You also have to be careful because such transactions are only strictly serializable vs other transactions run at the same isolation level. So if you accidentally allow in a mix of transactions you are still exposed to isolation anomalies.

So it's a useful feature but not something most apps can easily port to.

jose_zap a month ago | parent | prev | next [-]

> Postgres offers strictly serializable isolation indeed, but IIUC it's basically a form of read locking so will tank performance.

It will not. We use it at work for all transactions and its is very performant.

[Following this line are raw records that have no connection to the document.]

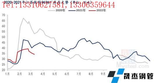 數據:江蘇優特無縫鋼管廠家總庫存34.2萬噸 環比降3.12% 同比降18.9%
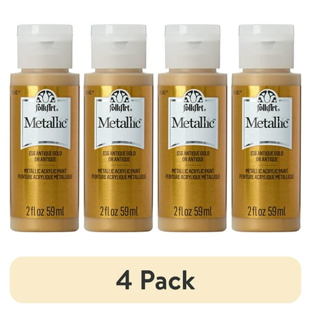 (4 pack) FolkArt Metallic Acrylic Craft Paint, Metallic Finish, Antique Gold, 2 fl oz
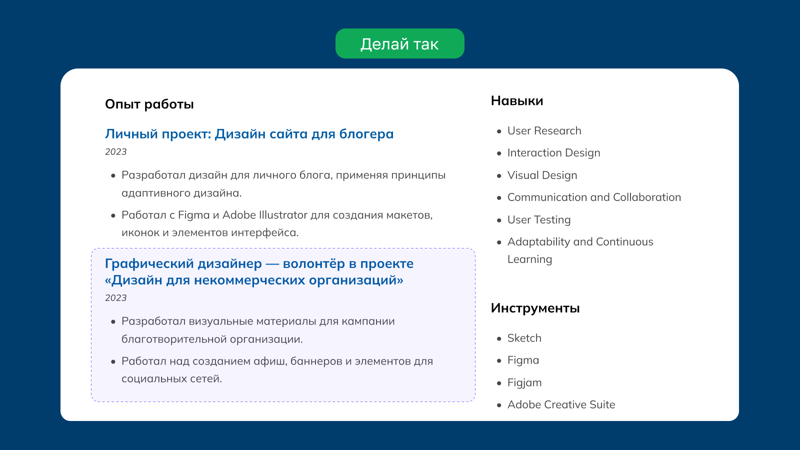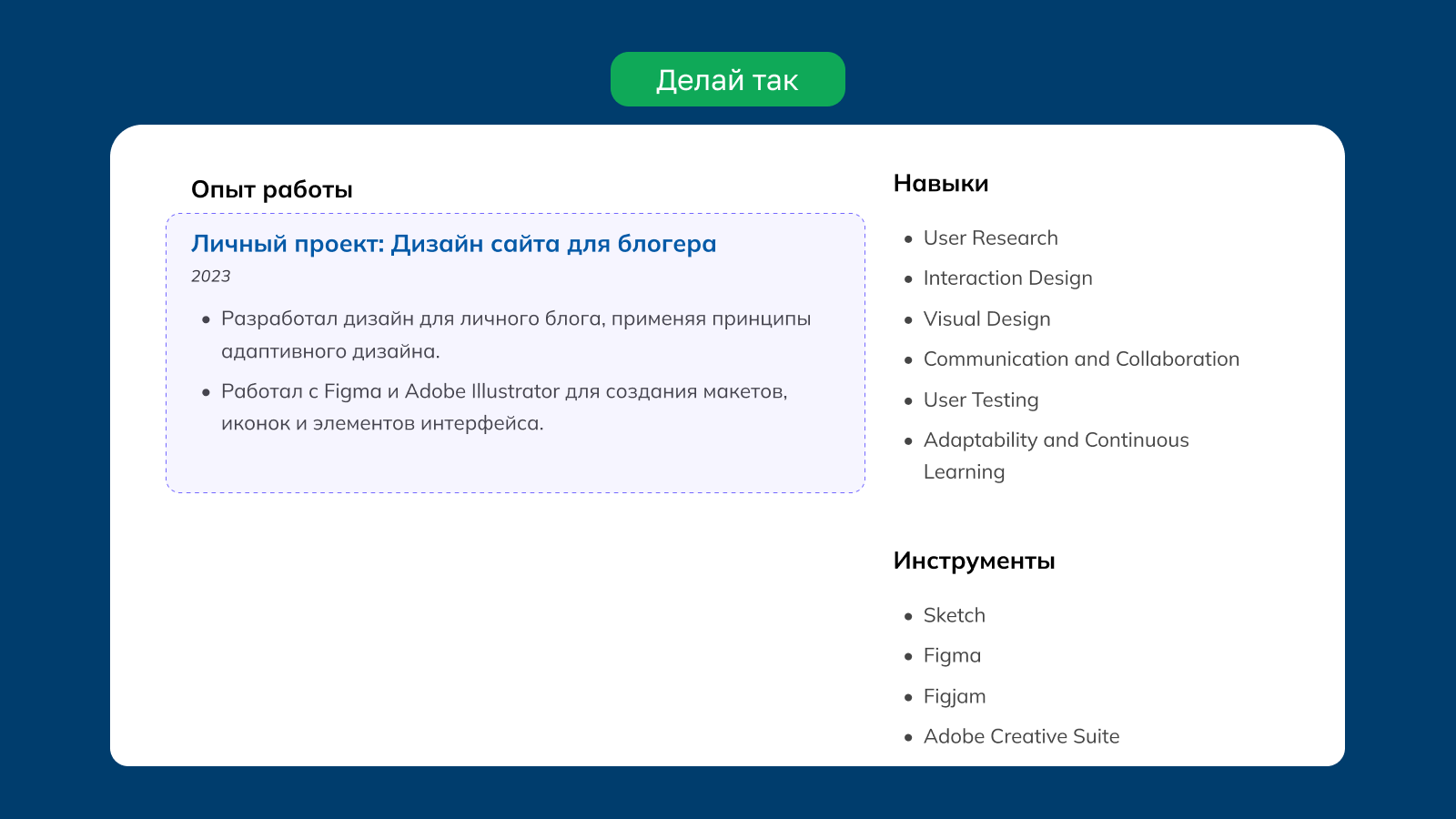 Почему это работает: если у вас пока нет профессионального опыта, личные проекты — это отличный способ показать свои способности и инициативность.

joshsm5 a month ago | parent | prev [-]

Sorry, holiday, but I was referring to having a separate region for failover, which is called "Geo redundant backup" in Azure Database for Postgres. Whereas with Exadata you need an entirely separate Exadata rack in a different region with the licensing of DataGuard on top of it.

There are a lot of extensions that most cloud providers support, auto range partitioning isn't built into Postgres like Oracle but it's supported with an extension for example. Azure Database supports more than AWS last I checked. https://learn.microsoft.com/en-us/azure/postgresql/extension...

I will have to check with our DBAs if we use the scan feature or not, appreciate you pointing it out.